● **Instructions to follow**
Exactly the lines from the one containing "Aooshine Gold Bedside" through the end of the data, and nothing more, should be retyped; pictures stay out.

Stored data entries:
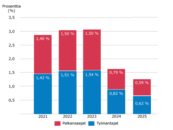 Työnantajan keskimääräinen työttömyysvakuutusmaksuprosentti oli vuonna 2025 0,62 ja vuonna 2026 0,92. Palkansaajan työttömyysvakuutusmaksuprosentti oli vuonna 2025 0,59 ja vuonna 2026 0,89.
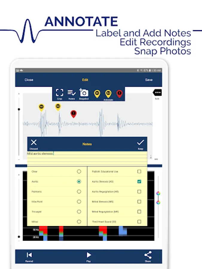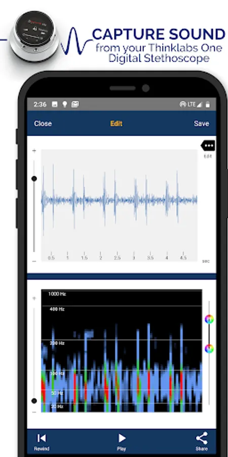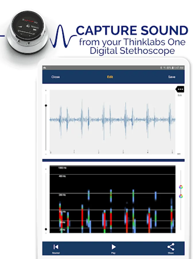 Unlock the full potential of your stethoscope with Thinklabs Wave, a recording app with robust features for education, learning, research, and telemedicine. With Wave, you’ll be able to capture, edit, and share sounds on the fly!
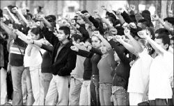 Jerónimo Juárez, dirigente del comité estudiantil, advirtió: "No va a ser tan fácil desaparecer la institución. No nos intimidan las amenazas". En seguida entonaron el himno de los normalistas rurales y el tradicional Venceremos, que se ha vuelto un grito de lucha del magisterio disidente.
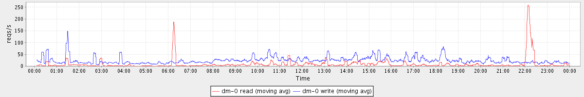 avg(dm-0 read) = 9.00 avg(dm-0 write) = 24.58
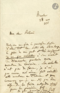 Hector BERLIOZ (1803-1869). L.A.S., Bruxelles 28 mars 1855, à Gaetano Belloni ; 1 page in-8, adresse.
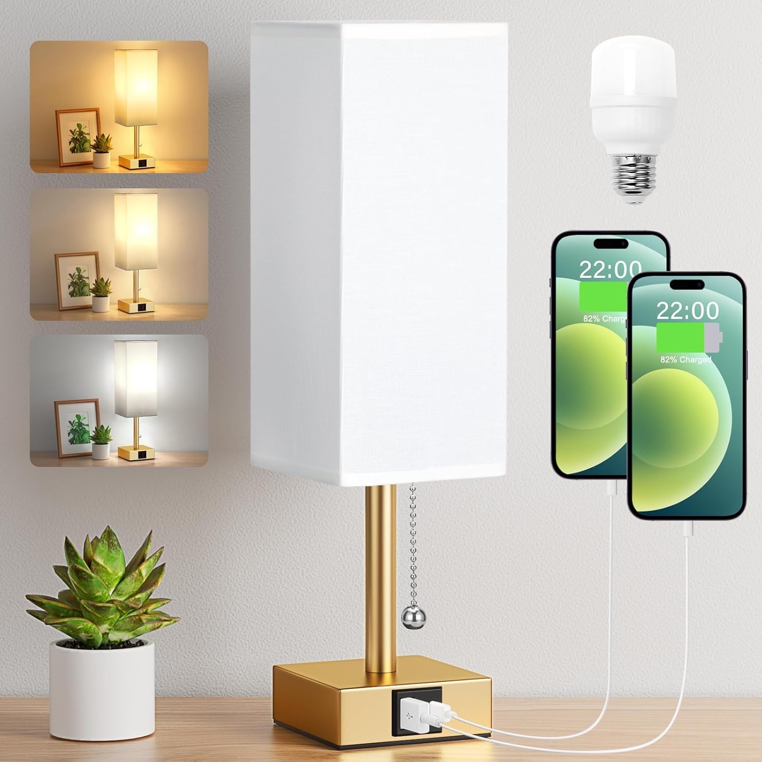 Aooshine Gold Bedside Lamp, Small Lamp with 3-Color Modes with Pull Chain, Lamps with White Fabric Shade(Bulb Included)
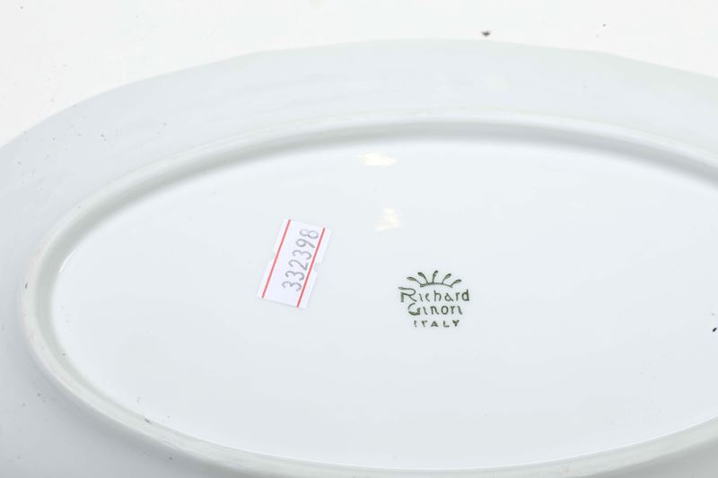Porcellana. Marca: "Richard Ginori" con corona in verde. Conservazione: 1 piatto fondo con piccola sbeccatura incollata; 1 tazza da caffè con insignificante sbeccatura su un manico
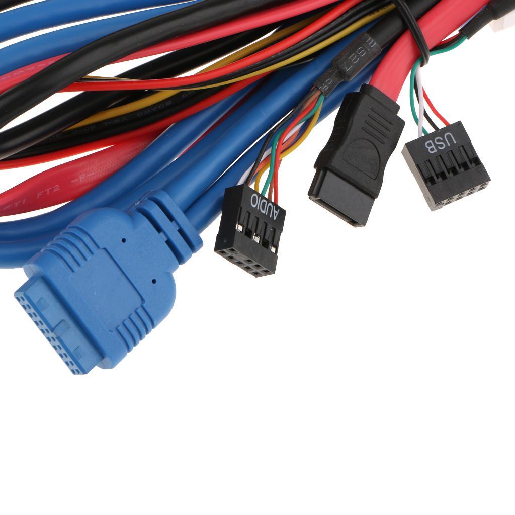 Connect interface board: a 20PIN 3.0 cable, a SATA data cable, an audio cable, a Dupont 2.0 line, a big 4PIN power cord

● **Solution**
 Aooshine Gold Bedside Lamp, Small Lamp with 3-Color Modes with Pull Chain, Lamps with White Fabric Shade(Bulb Included)
Porcellana. Marca: "Richard Ginori" con corona in verde. Conservazione: 1 piatto fondo con piccola sbeccatura incollata; 1 tazza da caffè con insignificante sbeccatura su un manico
 Connect interface board: a 20PIN 3.0 cable, a SATA data cable, an audio cable, a Dupont 2.0 line, a big 4PIN power cord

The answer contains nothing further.